**Dataset excerpt**
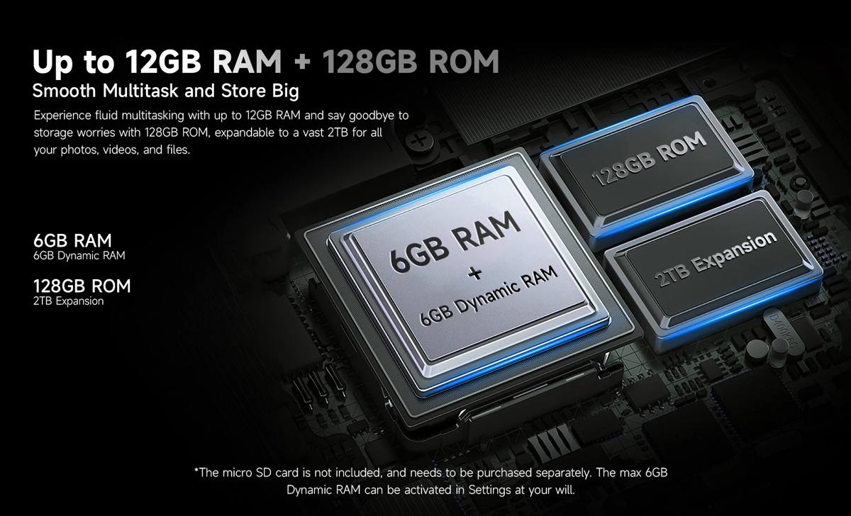 Με 6GB (+6GB virtual) RAM και 128GB ROM για να αποθηκεύετε τα αγαπημένα σας αρχεία, φωτογραφίες και βίντεο. Επιπλέον, προσφέρει την δυνατότητα να επεκτείνετε τον χώρο αποθήκευσης του smartphone με κάρτα micro SD έως 2TB.
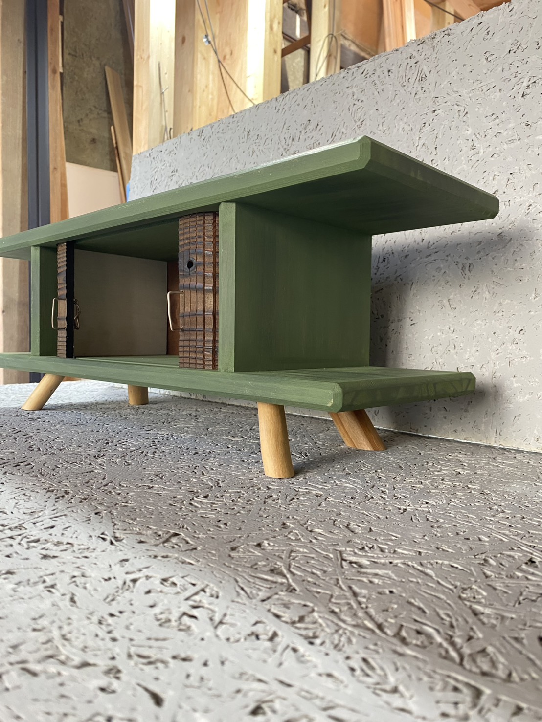 足を付けて、蛇腹扉をはめ込んだ完成品がこちらになります。
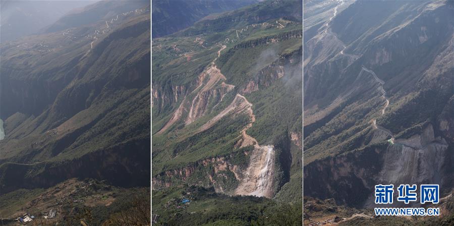 阿布洛哈村通村公路的修建過(guò)程(這是一張拼版照片,從左至右依次拍攝于2018年11月15日、2019年7月18日、2019年12月27日)。3.8公里的通村公路起于布拖縣拉果鄉(xiāng)偉木村,止于烏依鄉(xiāng)阿布洛哈村村委會(huì)。新華社記者江宏景攝

**What the task requires**
Each line of the listing is to be retyped exactly, and its pictures are to be dropped.

**Finished task**
 Με 6GB (+6GB virtual) RAM και 128GB ROM για να αποθηκεύετε τα αγαπημένα σας αρχεία, φωτογραφίες και βίντεο. Επιπλέον, προσφέρει την δυνατότητα να επεκτείνετε τον χώρο αποθήκευσης του smartphone με κάρτα micro SD έως 2TB.
 足を付けて、蛇腹扉をはめ込んだ完成品がこちらになります。
 阿布洛哈村通村公路的修建過(guò)程(這是一張拼版照片,從左至右依次拍攝于2018年11月15日、2019年7月18日、2019年12月27日)。3.8公里的通村公路起于布拖縣拉果鄉(xiāng)偉木村,止于烏依鄉(xiāng)阿布洛哈村村委會(huì)。新華社記者江宏景攝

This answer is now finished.